If we want to deploy our currently stored images to a completely new environment (say to address a security issue) it would be a matter of a few seconds to a couple minutes. That’s pretty outstanding and one of the lauded benefits of Docker. Deploying new code, on the other hand, takes 6 – 20 minutes (depending on what code was changed). Most of that is because of how long Docker takes to build layers and upload images. Our old system took 90 second to deploy a code update. A more micro-service architecture might make this faster as the images could be smaller, although I’m not totally convinced on that as I feel there’s added complexity for micro-service deployments.
Our deployments now include the latest OS updates (e.g.
apt-get update) with each release. This means we get security updates as often as they are released. With the old VM system it was more like as often as I thought about it. That’s a change that makes me sleep better at nights.
The cost of GCE is much higher than our bare metal and has slower performance for intensive queries (as mentioned above). However the improved scaling makes up for it. Not having to babysit a 12-hour database server update is worth a little extra money. Snapshot storage, and the associated speed of deploying new instances, also makes this nearly worth the increased cost.
The cost of GCE is significantly lower than our VMs were under Blue Box. In fact the savings more than make up for the increased cost of the machines migrated from bare metal to GCE. In addition, we have much better performance of individual containers versus the processes on the previous VMs.
Google paid support has not been all that helpful. At best they have helped us see things that we missed in debugging a problem. More often they’ve responded along the lines of “it’s not meant to be used that way.” Their resolution time is on the order of weeks, often with days of “I am researching” to be followed up with questions like “how do you know it’s doing that?” I’ve had no sense in any interaction that any of my questions are being considered to help improve the service.

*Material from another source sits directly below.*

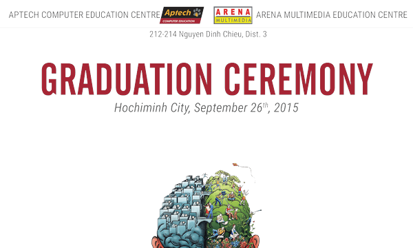 Sáng ngày 26/09/2015, Trường Đào tạo Mỹ thuật Đa phương tiện Arena Multimedia và Hệ thống Đào tạo Lập trình viên Quốc tế Aptech đã tổ chức Lễ trao bằng tốt nghiệp với chủ đề "Não trái – Não phải" cho sinh viên khóa 2012 – 2015 tại Trung tâm Hội nghị 272 (Quận 3, TP HCM).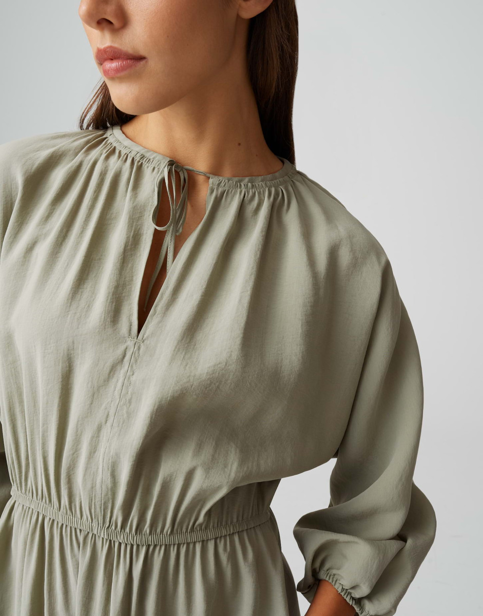 Ballonärmel geben dem Midikleid WORTY eine besondere Präsenz und machen es zu einem echten Lieblingsstück für Tage, an denen man sich besonders fühlen möchte. Die fließende Silhouette mit regulierbarer Taille, zarten Raffungen und dem entspannten Tunikalook umspielt sanft die Figur und verleiht einen verspielten, zugleich modernen Charakter.

Our Google account rep has been helpful in trying to connect us with people who have answers, but I’ve leaned on him less for support. He’s been very encouraging of us submitting out experience and story so they can improve the service (although that tends to be a one-way flow).
Some of the best support we had was from the Kubernetes open source team (via GitHub issues). Due to the nature of public issues, this does mean that I only posted when I could provide a clear indication of a problem (as opposed to get help diagnosing a problem). They went above and beyond to investigate issues we reported (including having members at Google inspect internal GKE logs). When we started this project in August and September they appeared to be triaging bugs within an hour and responding within a day. That seems to have tapered off and the last few months it looks like they are pretty non-responsive, unfortunately.